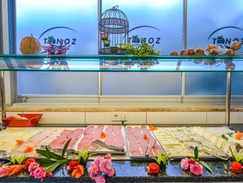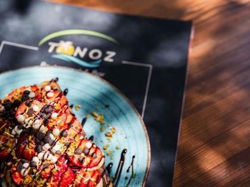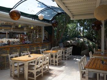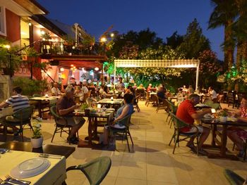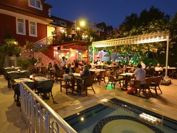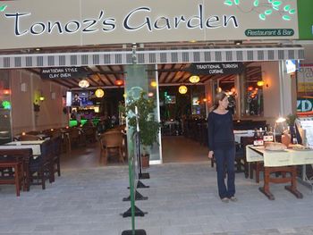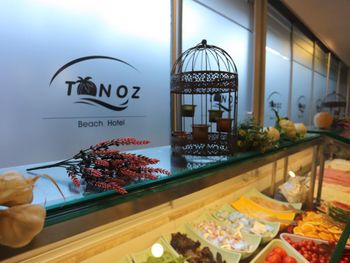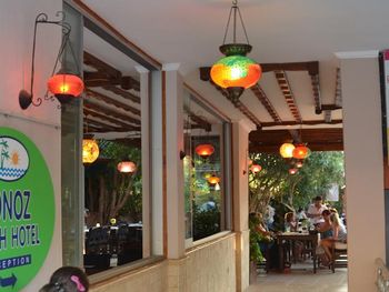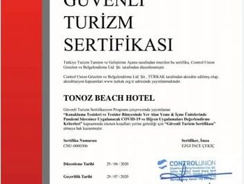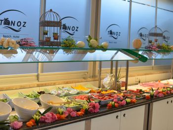 Утром, ежедневно, для гостей сервируют завтрак «шведский стол». Вечером гости могут заказать блюда местной турецкой кухни в красивом внутреннем дворе отеля Tonoz Beach, в окружении экзотических цветов и пальм.
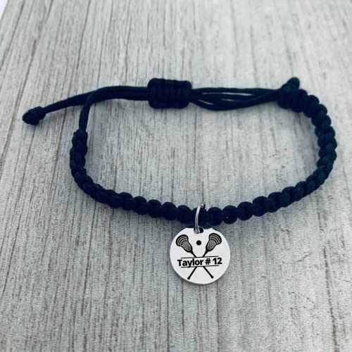 sought-after ! Personalized Lacrosse Bracelet – Custom Engraved Stainless Steel Charm with Jersey Number – Adjustable Rope Jewelry – Gift for Lacrosse Player or Team
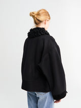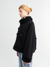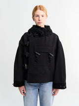 Hainsworth Wool Officer Jacket i sort er lavet af 100% merinould fra det anerkendte britiske væveri Hainsworth. Jakken er designet i klassisk officersstil med skrå lukning, rummelige lommer og en krave i ægte lammeskind. Den tunge uld giver varme og holdbarhed
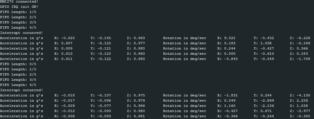 This example shows how to use SparkFun 6DoF BMI270 to get basic measurements using I2C based on FIFO buffer.

Task to complete> Instruction for this listing: copy it exactly, but leave the images behind.

Exercise response>
 Утром, ежедневно, для гостей сервируют завтрак «шведский стол». Вечером гости могут заказать блюда местной турецкой кухни в красивом внутреннем дворе отеля Tonoz Beach, в окружении экзотических цветов и пальм.
 sought-after ! Personalized Lacrosse Bracelet – Custom Engraved Stainless Steel Charm with Jersey Number – Adjustable Rope Jewelry – Gift for Lacrosse Player or Team
 Hainsworth Wool Officer Jacket i sort er lavet af 100% merinould fra det anerkendte britiske væveri Hainsworth. Jakken er designet i klassisk officersstil med skrå lukning, rummelige lommer og en krave i ægte lammeskind. Den tunge uld giver varme og holdbarhed
 This example shows how to use SparkFun 6DoF BMI270 to get basic measurements using I2C based on FIFO buffer.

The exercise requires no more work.